Energy-corrected milk (lb)

32.2

37.2*

36.3*

Body weight (lb)

1,079

1.080

1,089

Body condition score

2.98

3.09

3.15*

TMR cost ($/cow/day)

0.0

3.18*

4.21*

Pasture cost ($/cow/day)

1.02

0.87*

0.86*

Production revenue ($/cow/day)

5.02

6.35*

5.53*

Income over feed cost ($/cow/day)

3.61

2.20*

0.38*

* = differences for low- and high-grain cows are significantly higher or lower compared to the no grain cows.

Total mixed ration costs were lower ($0.00 vs $3.18 vs $4.21), pasture costs were higher ($1.02 vs $0.86 vs $0.87), and production revenue from milk was lower ($5.02 vs $6.35 vs $5.53) for no grain, low grain, and high grain cows, respectively.

 Income over feeds costs ($/cow/day) was higher for the no grain and low grain cows. For profitability, grain costs were substantially higher for the high grain cows, and therefore, resulted in a reduced income over feed cost for high grain cows.

Pasture can be a cost effective source of feed and housing for dairy animals. During the first year of our organic grain supplementation project, cows that consumed 100 percent pasture had lower milk production, lower body condition scores, but higher income over feed cost.
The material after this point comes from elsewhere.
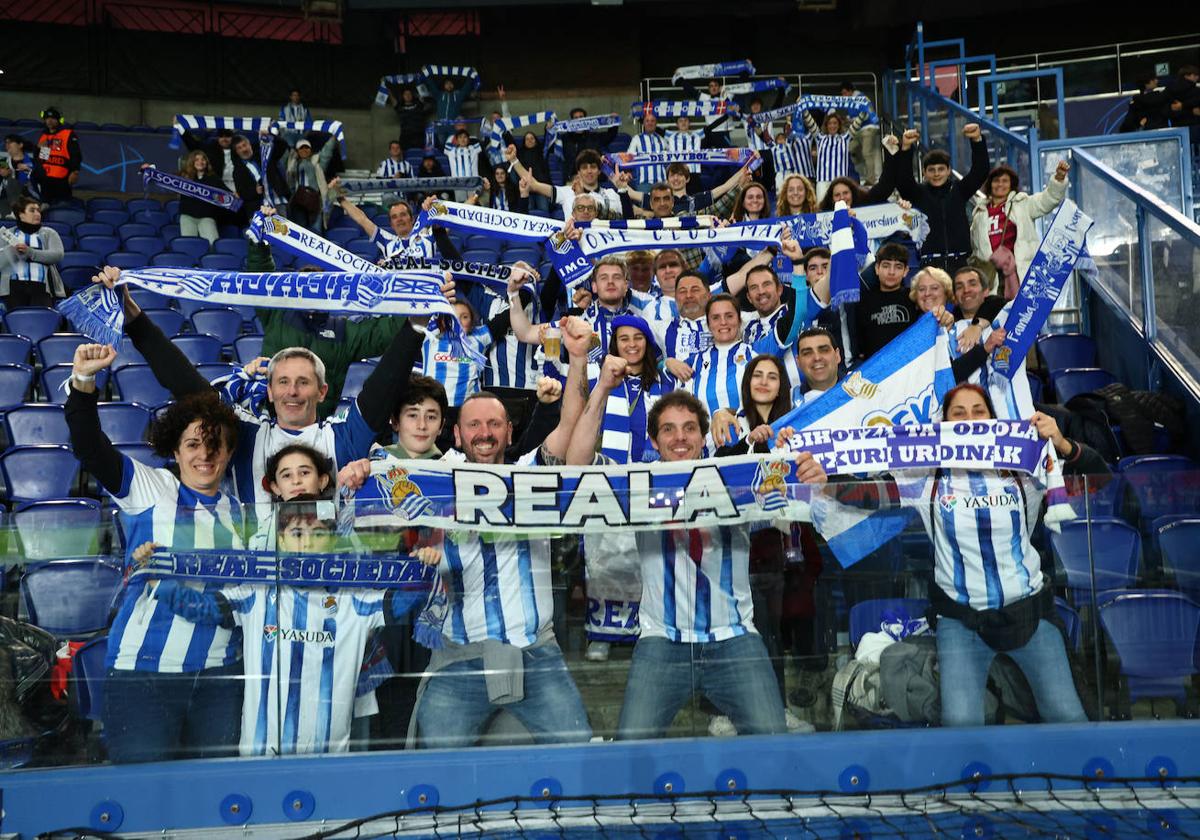 El sueño cobra realidad. Los 2.000 aficionados txuri-urdin que han viajado a París para la gran cita continental ya están en el Parque de los Príncipes. Unas horas antes del comienzo del choque, numerosos seguidores de la Real Sociedad han empezado a llegar a los aledaños del estadio de la capital francesa para animar a su equipo. El sonido txuri-urdin ya pone el ambiente en la ida de los octavos de final de la máxima competición continental.

This information can be significant to organic dairy producers, as well as conventional producers, who are looking to reduce input costs during high grain prices. Producers who have a handle on their feed costs in an organic dairy production system can make informed decisions that reduce financial loss. The most important point for reducing inputs and increasing profits in organic dairy systems is to produce high quality forages and maximize dry matter intake on pasture.